Introduction
Description of the food and feeding habits of fish are important for the identification of the trophic relationships present in aquatic ecosystems, identifying feeding composition, structure and stability of food webs (Hussian et al., 2019; Oso et al., 2006 ). Of course this will improves the understanding of their distribution, abundance, growth, and productivity (Hussian et al., 2019; Kariman et al., 2009). Moreover, investigating the food and feeding habits of the commercial fish species is a very important concern since it establishes the basis for the development of effective fisheries management programs (Defaye, 1988; Engdaw et al., 2013; Teferi et al., 2000).
The Nile tilapia, Oreochromis niloticus (Linnaeus, 1758), is one of the most widespread and important species in tropical freshwater (Oso et al., 2006; Teferi et al., 2000).
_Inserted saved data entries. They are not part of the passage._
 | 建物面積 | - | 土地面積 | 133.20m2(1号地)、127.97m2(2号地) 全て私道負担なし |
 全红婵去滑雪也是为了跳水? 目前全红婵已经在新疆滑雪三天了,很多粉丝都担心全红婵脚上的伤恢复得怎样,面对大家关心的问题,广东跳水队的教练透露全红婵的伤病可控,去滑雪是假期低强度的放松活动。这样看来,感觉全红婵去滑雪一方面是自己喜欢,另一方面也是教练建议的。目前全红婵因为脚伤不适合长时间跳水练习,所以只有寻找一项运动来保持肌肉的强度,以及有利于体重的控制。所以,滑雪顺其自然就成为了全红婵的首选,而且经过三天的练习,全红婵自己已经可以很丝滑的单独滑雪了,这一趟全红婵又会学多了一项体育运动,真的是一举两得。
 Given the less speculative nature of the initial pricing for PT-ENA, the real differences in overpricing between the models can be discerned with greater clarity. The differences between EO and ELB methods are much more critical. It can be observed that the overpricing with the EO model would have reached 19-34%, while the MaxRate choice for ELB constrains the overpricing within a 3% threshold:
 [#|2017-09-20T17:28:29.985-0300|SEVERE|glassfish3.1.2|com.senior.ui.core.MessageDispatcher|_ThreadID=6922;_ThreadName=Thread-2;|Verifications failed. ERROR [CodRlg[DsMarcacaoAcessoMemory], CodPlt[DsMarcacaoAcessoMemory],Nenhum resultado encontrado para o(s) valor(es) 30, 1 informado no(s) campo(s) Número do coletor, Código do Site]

Oreochromis niloticus can be found in most types of freshwater habitats, such as rivers, streams, lakes, reservoirs and ponds (Golubtsov et al., 2002). The species prefer water temperatures between 16°C and 29°C (Kavembe et al., 2016; Nyakuni, 2009). In Ethiopia, it is widely distributed in the lakes, rivers, reservoirs and swamps with a significant economic and ecological contribution (Golubtsov et al., 2002; Temesgen, 2017). However, some economically driven developments in and around the lakes continue to exert considerable pressure on saline lake fish populations (Gebremariam, 2002; Kavembe et al., 2016; Reaugh-Flower, 2011). The best example of this is Lake Abijata, in which the lake was full of O. niloticus (Reaugh-Flower, 2011). However, Abdi (1993) noted the disappearance of O. niloticus from Lake Abijata after the establishment of the soda ash factory. At the same time a number of piscivorous birds such as the Great White Pelican (Pelecanus onocrotalus roseus) and cormorant have been migrating to adjacent lakes.
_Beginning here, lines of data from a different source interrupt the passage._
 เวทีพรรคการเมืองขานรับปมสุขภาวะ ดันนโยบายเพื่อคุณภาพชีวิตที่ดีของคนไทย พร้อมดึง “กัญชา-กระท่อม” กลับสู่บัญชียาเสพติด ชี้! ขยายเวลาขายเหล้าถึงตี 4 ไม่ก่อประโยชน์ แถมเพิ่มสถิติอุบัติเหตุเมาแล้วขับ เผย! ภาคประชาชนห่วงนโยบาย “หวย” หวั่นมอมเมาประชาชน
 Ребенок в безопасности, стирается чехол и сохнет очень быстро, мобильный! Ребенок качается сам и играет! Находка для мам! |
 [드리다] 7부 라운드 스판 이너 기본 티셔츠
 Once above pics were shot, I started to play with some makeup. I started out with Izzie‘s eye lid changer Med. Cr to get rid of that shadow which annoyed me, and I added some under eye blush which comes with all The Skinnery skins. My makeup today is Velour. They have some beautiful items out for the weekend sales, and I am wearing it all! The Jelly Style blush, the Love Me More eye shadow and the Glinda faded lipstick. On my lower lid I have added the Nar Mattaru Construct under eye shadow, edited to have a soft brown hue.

Several authors have studied the food and feeding habits of O. niloticus in different Ethiopian water bodies (Assefa & Getahun, 2015; Engdaw et al., 2013; Teferi et al., 2000). These studies mainly focused on freshwater O. niloticus. Research on the Soda Lake of fish species is limited only to the description of diversity (Getahun, 2001). The fish fauna of Lake Shala was reported by Golubtsov et al. (2002) and Klemperer & Cash (2007); the latter reported only Aplocheilichthys which was retrieved after seismic detonations in the lake. There was no report of tilapia or other fish in the lake, and it was presumed that tilapia had disappeared due to osmotic stress and other factors from the lake. It was a surprise for this study to ‘locate’ a tilapia stock from the southern river mouth of the freshwater Gidu River. Therefore, this study was carried out to investigate the diet composition and feeding habits of Oreochromis niloticus inhabited Shala Lake, as part of a general study on the biology and ecology of the fish.
Materials and Methods
Lake Shala lies between 7 °24’-7 °33’N and 38 °23’-38 °39’E at altitudes of approximately 1,558 m within the Abijata-Shala Lakes National Park (Fig. 1). The lake is a volcano-tectonic lake (Le Turdu et al., 1999), deep (max. 266 m) and large (329 km2), with a vast catchment area (3,920 km2) (Baxter, 2002; Von Damm & Edmond, 1984). The lake region is characterized by a high evaporation rate that exceeds the mean annual rainfall (Ayenew & Legesse, 2007). Climate of the Ziway–Shala region is mainly characterized by alternating wet and dry seasons following the annual movements of the Intertropical Convergence Zone (ITCZ) (Von Damm & Edmond, 1984), the dry seasons from October to February and rainy seasons March to September. The rainy season is characterized by a bimodal rainfall pattern, with a minor rainy period extending from March to May and the major rainy period from June to September.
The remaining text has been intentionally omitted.